The Ninth Circuit sticks with the narrow scope
The Ninth Circuit rejected this argument and held that the scope of its review extended only to the express exceptions in § 1447(d). The court accordingly lacked jurisdiction to review the other grounds for removal. The Ninth Circuit had held as much in 2006’s Patel v. Del Taco, Inc. And the San Mateo court saw no reason to deviate from that decision. The energy companies’ main argument was that the Removal Clarification Act of 2011—which added § 1447(d)’s exemption for federal-officer removal—abrogated Patel. But Congress passed the Act at a time when every court of appeals to address the issue had adopted the narrow view of § 1447(d)’s scope:
[W]hen Congress amended § 1447(d) to insert “1442 or” before “1443,” it was against a backdrop of unanimous judicial interpretation of § 1447(d) as permitting review of only the grounds for removal identified in the exception clause. Congress did not give any indication that it intended to overrule the then-unanimous interpretation of § 1447(d) as limiting judicial review of a remand order to the grounds listed in the exception clause.

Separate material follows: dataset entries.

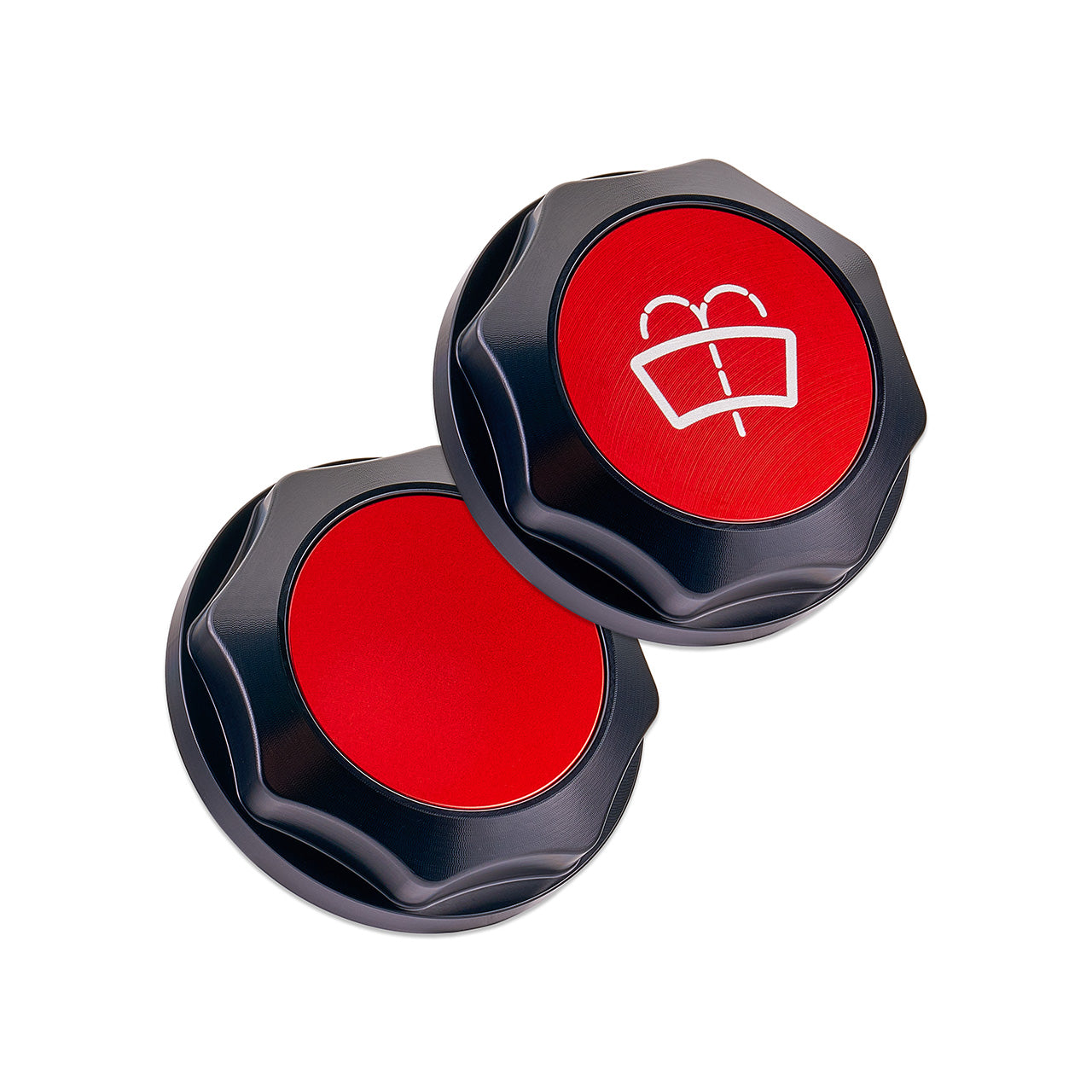 Get rid of the dull yellow plastic under your Subaru’s hood and upgrade your engine bay with the IAG Revolve Engine Bay Dress-Up Cap Kit. Compatible with 2015-2021 STI Subaru models, these sleek anodized caps replace your factory oil, brake, power steering, coolant and washer caps with a more refined look—while maintaining a reliable, factory-quality seal. At the center of each cap is a sleek anodized aluminum red insert. Each insert is laser-etched with the appropriate universal symbol for each fluid system—oil, brake, power steering, washer and coolant, but can be flipped to show the solid color. The inserts are easy to swap in seconds, thanks to the accessible design inside each cap—just use a small tool to pop the insert out and choose your preferred side.
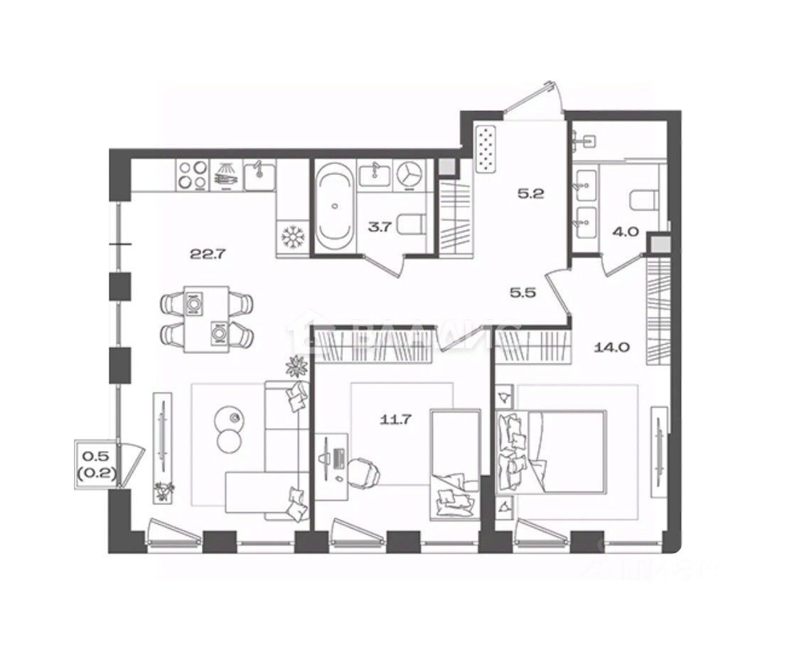 - 66.8 кв.м,
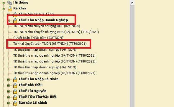 - Ở thanh menu chọn: Thuế Thu nhập Doanh nghiệp -> "Tờ khai quyết toán thuế TNDN (03/TNDN)(TT80/2021)".

This led the Ninth Circuit to conclude that Congress did not abrogate Patel. Instead, Congress had incorporated “Patel’s (and six other circuits’) interpretation of § 1447(d).”
A split and a cert petition
The Ninth Circuit also noted that the circuits had split on this issue. In Lu Junhong v. Boeing Co., for example, the Seventh Circuit held that so long as the defendant invoked § 1442 or § 1443, the defendant could appeal the remand and obtain plenary review of all grounds for removal. And the Ninth Circuit expressed some receptiveness to this alternative:
Were we writing on a clean slate, we might conclude that Lu Junhong provides a more persuasive interpretation of § 1447(d) than Patel.
But the court was bound by Patel.
San Mateo adds further grist to a recent cert petition on the scope of remand appeals under § 1447(d). The petition comes from the recent Fourth Circuit decision mentioned above. The defendants in that case filed for cert at the end of March, and the response is due June 29, 2020.
County of San Mateo v. Chevron Corp., 2020 WL 2703701 (9th Cir. May 26, 2020), available at the Ninth Circuit and Westlaw.